Beauty in Iraq
I've transitioned to days and what a difference!
I made my way outside just after dawn for my first flight. The sun wasn't quite 20 degrees off the horizon, but it was much brighter than I remembered. When I opened the garage-sized door to the flight operations building, the wind swung it away from me -- but when I went to grab for it, I had to shut my eyes due to the intensity of light.
Off balance and blinking, carrying my helmet bag filled with check lists and maps, I wasn't able to get the door under control until a passing crew chief saw my dilemma and leant a hand. I stood there squinty eyed thanking him. It took me about five minutes to finally adjust to daylight by opening and closing my eyes as I made my way to the helicopter.
Performing the preflight checks on the helicopter took about half the time of night preflight.
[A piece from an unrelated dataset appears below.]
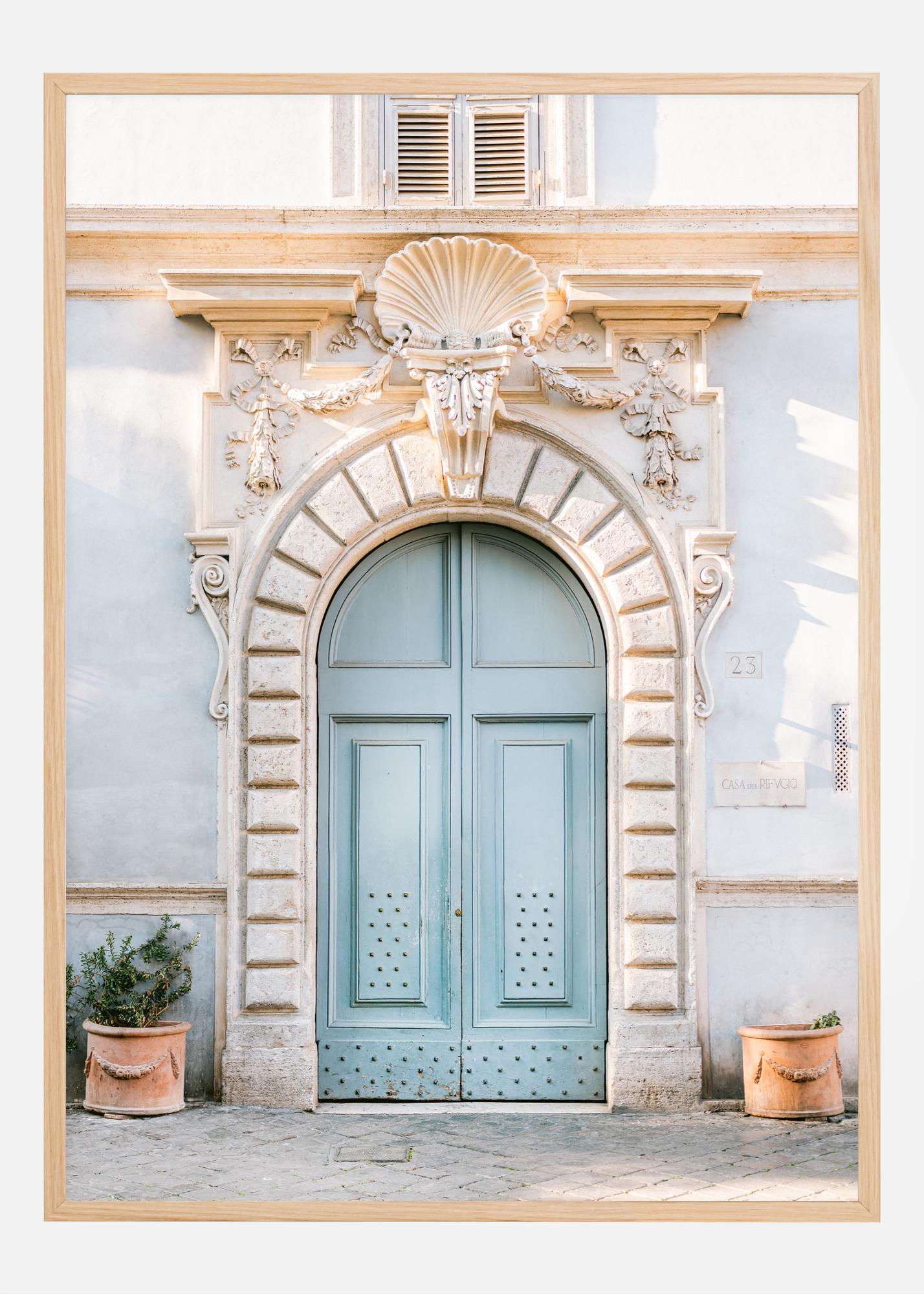 Este póster captura la belleza y el encanto de una arquitectura europea clásica. La puerta doble de color azul claro está rodeada por un elegante portal de piedra, con finos detalles esculpidos y ornamentaciones que brindan una sensación de riqueza histórica y herencia cultural. Sobre la puerta se encuentra un impresionante arco en forma de concha que completa esta majestuosa entrada. A cada lado de la puerta se encuentran macetas con plantas verdes, lo que añade un contraste natural y vivo a la fachada de piedra. Esta imagen irradia una atmósfera tranquila y elevada, perfecta para añadir un toque de belleza clásica a cualquier hogar.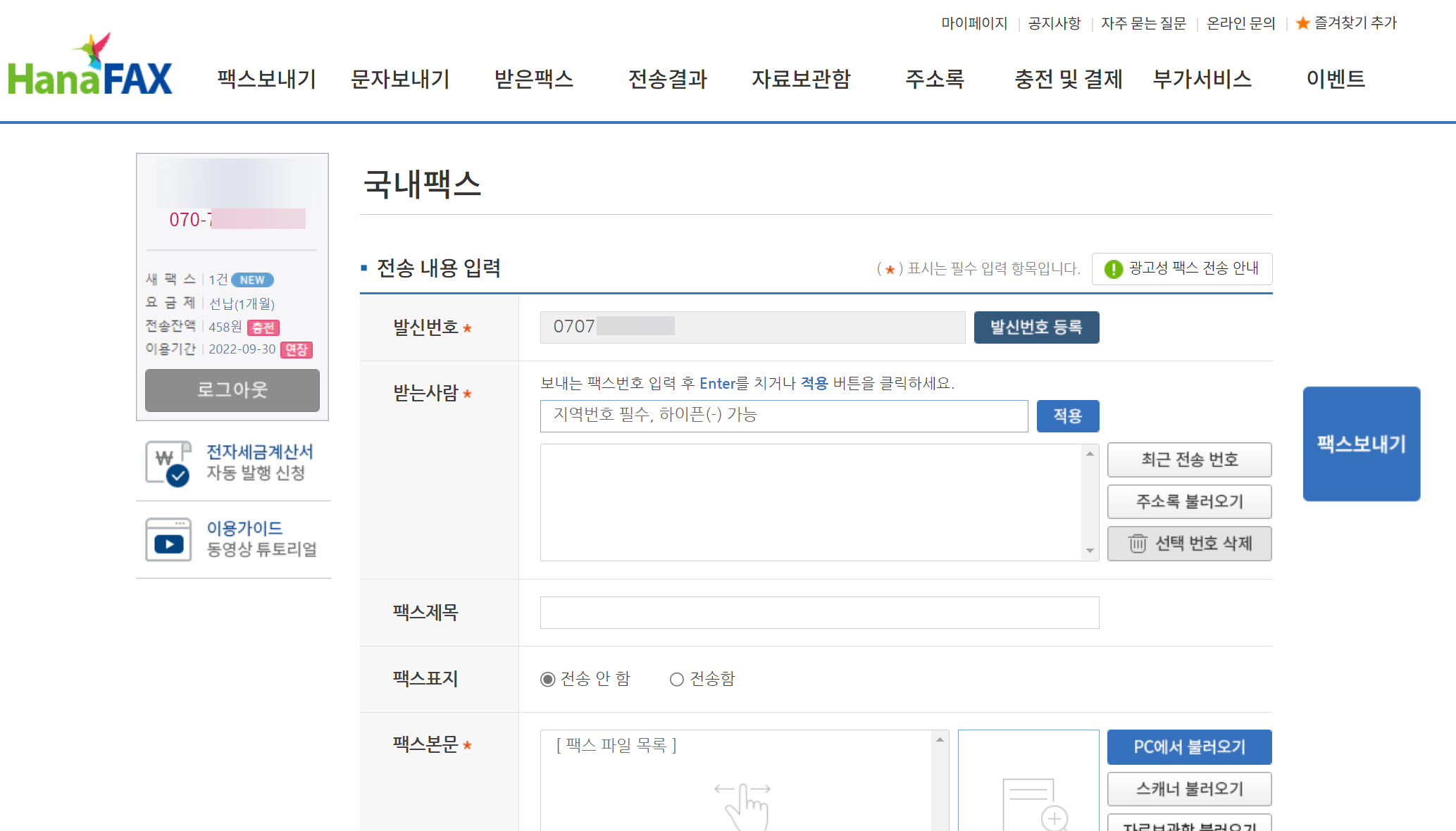 국내 번호로의 팩스 전송료는 건당 42원입니다. 가입 시 500원이 충전되므로 여러 번 발송이 가능합니다.

The next thing I noticed, as we took off, was a subtle green patch. With spring officially one day old, there seemed to be a bit of grass sprouting about base -- but not enough to warrant changing my description of Al Asad as a large dirt pile, shaped into an air base.
On the horizon, along the Euphrates River, the green was much more vivid and in sharp contrast to the miles of dirt surrounding it. I was used to the monochromatic green of the view from night vision goggles, but now I could see the actual colors and they were startling. Deep green plants and palm trees surrounding the water. Semi-clear, but azure blue water in the river as we flew over it.
Contrasted with the vegetation and the river water, the one story, cubic houses -- most of them the color of dirt -- gave the landscape the look of a place where I might like to vacation. Then, farther down the river, there were even ruins spanning partway across, the remains of dams and irrigation channels perhaps thousands of years old.
Overall my short flight over the area proved to be an eye opener. I'd experienced Iraq as a desolate land of dirt and dust, but learned parts of it, at least, are beautiful to see. This is definitely not the Iraq we see or hear about often.